Instructions to follow: Print exactly what appears from the line containing "Denim Blue WOmens" through the final line of the data below, pictures excluded.

Recorded data:
========================================================================
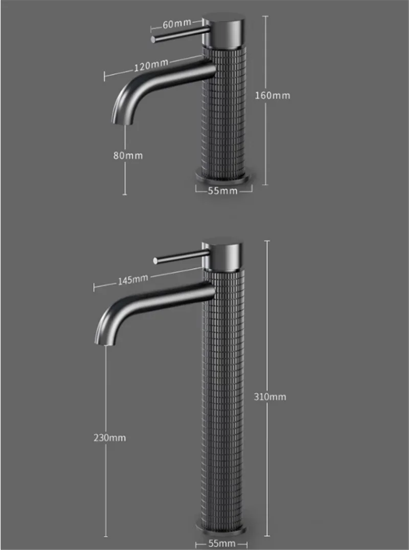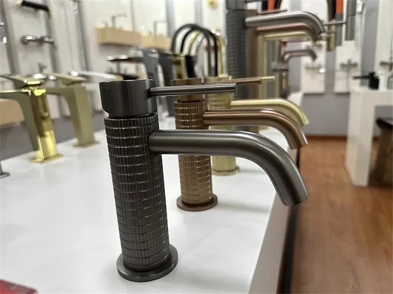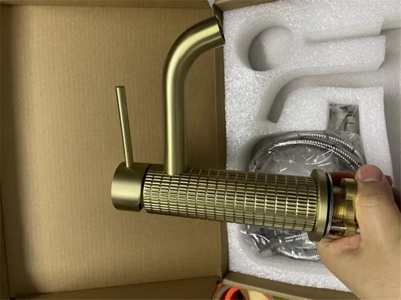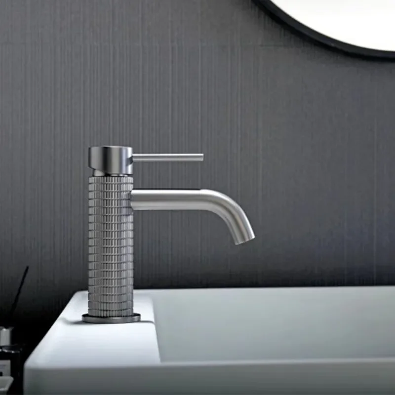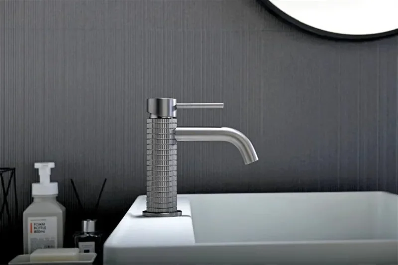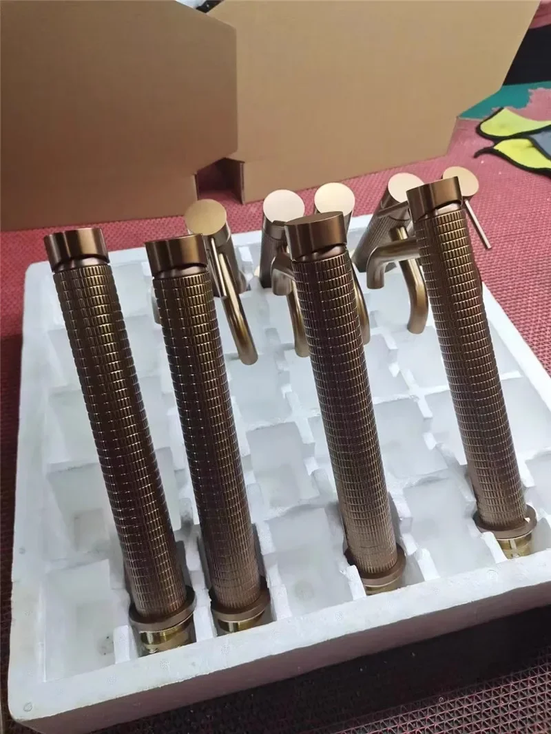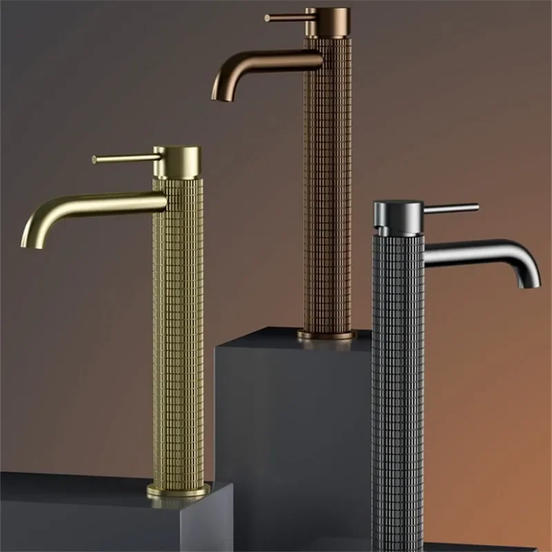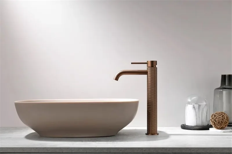 Robinet de salle de bains en or rose brossé Robinet de lavabo en or brossé Robinet d’évier sculpté Art Robinet de lavabo gris chaud et froid Robinet d’eau de grue
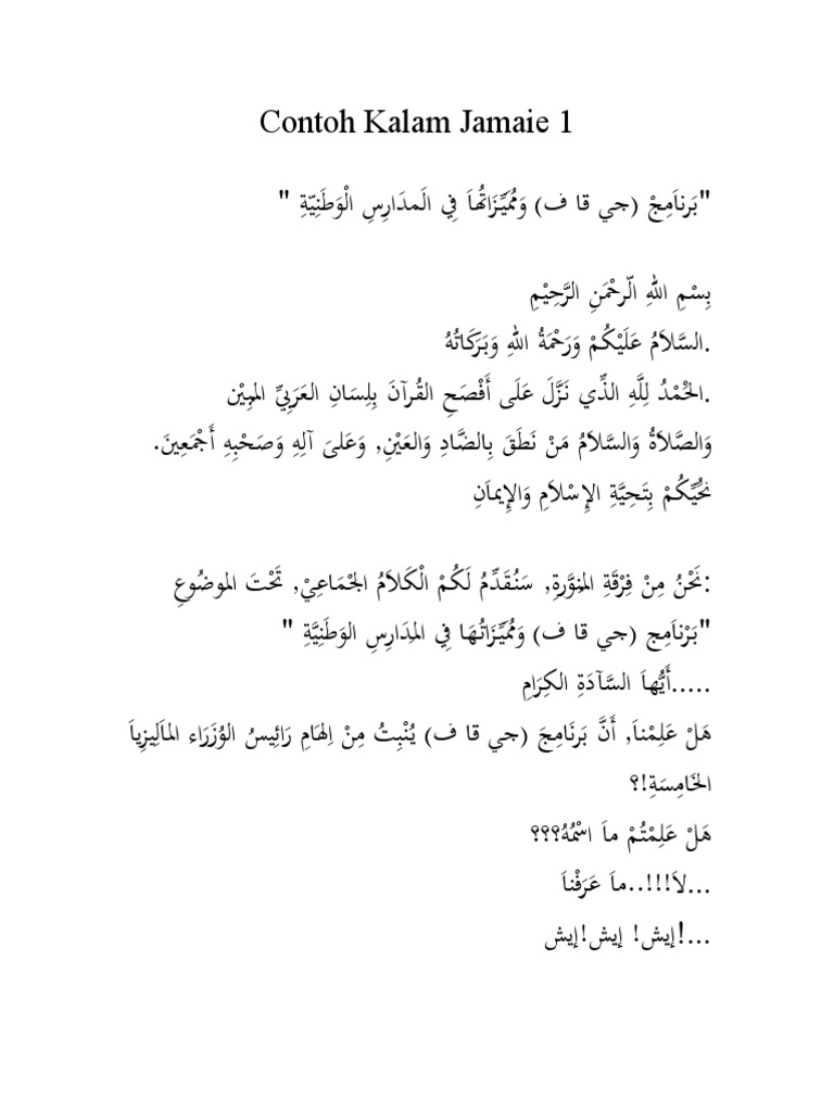Teks Kalam Jamaie Bertajuk Program Jqaf Di Sek Rendah Pdf
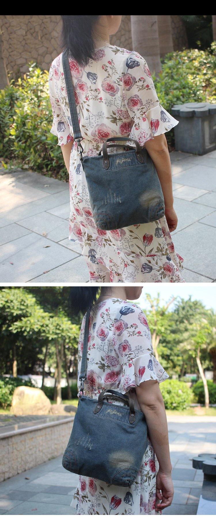 Denim Blue WOmens Mens Messenger Bag Vertical Tote Shoulder Bag Jean Courier Bag Handbag – uleather
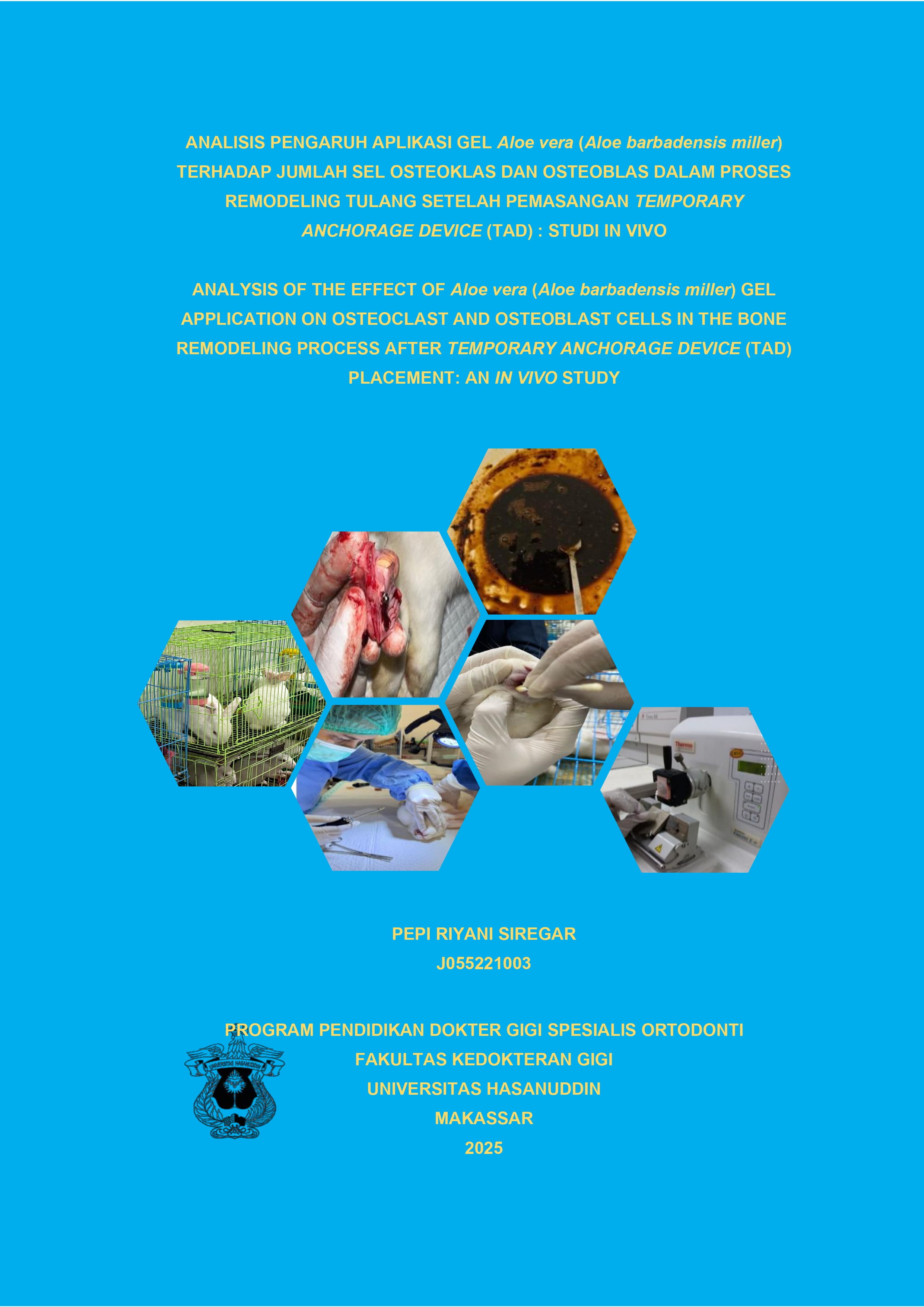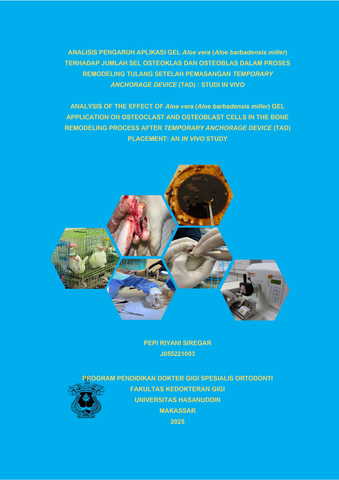 SIREGAR, PEPI RIYANI (2025) ANALISIS PENGARUH APLIKASI GEL Aloe vera (Aloe barbadensis miller) TERHADAP JUMLAH SEL OSTEOKLAS DAN OSTEOBLAS DALAM PROSES REMODELING TULANG SETELAH PEMASANGAN TEMPORARY ANCHORAGE DEVICE (TAD) : STUDI IN VIVO STUDY = ANALYSIS OF THE EFFECT OF Aloe vera (Aloe barbadensis miller) GEL APPLICATION ON OSTEOCLAST AND OSTEOBLAST CELLS IN THE BONE REMODELING PROCESS AFTER TEMPORARY ANCHORAGE DEVICE (TAD) PLACEMENT: AN IN VIVO STUDY. Thesis thesis, Universitas Hasanuddin.
========================================================================
Output below:
 Denim Blue WOmens Mens Messenger Bag Vertical Tote Shoulder Bag Jean Courier Bag Handbag – uleather
 SIREGAR, PEPI RIYANI (2025) ANALISIS PENGARUH APLIKASI GEL Aloe vera (Aloe barbadensis miller) TERHADAP JUMLAH SEL OSTEOKLAS DAN OSTEOBLAS DALAM PROSES REMODELING TULANG SETELAH PEMASANGAN TEMPORARY ANCHORAGE DEVICE (TAD) : STUDI IN VIVO STUDY = ANALYSIS OF THE EFFECT OF Aloe vera (Aloe barbadensis miller) GEL APPLICATION ON OSTEOCLAST AND OSTEOBLAST CELLS IN THE BONE REMODELING PROCESS AFTER TEMPORARY ANCHORAGE DEVICE (TAD) PLACEMENT: AN IN VIVO STUDY. Thesis thesis, Universitas Hasanuddin.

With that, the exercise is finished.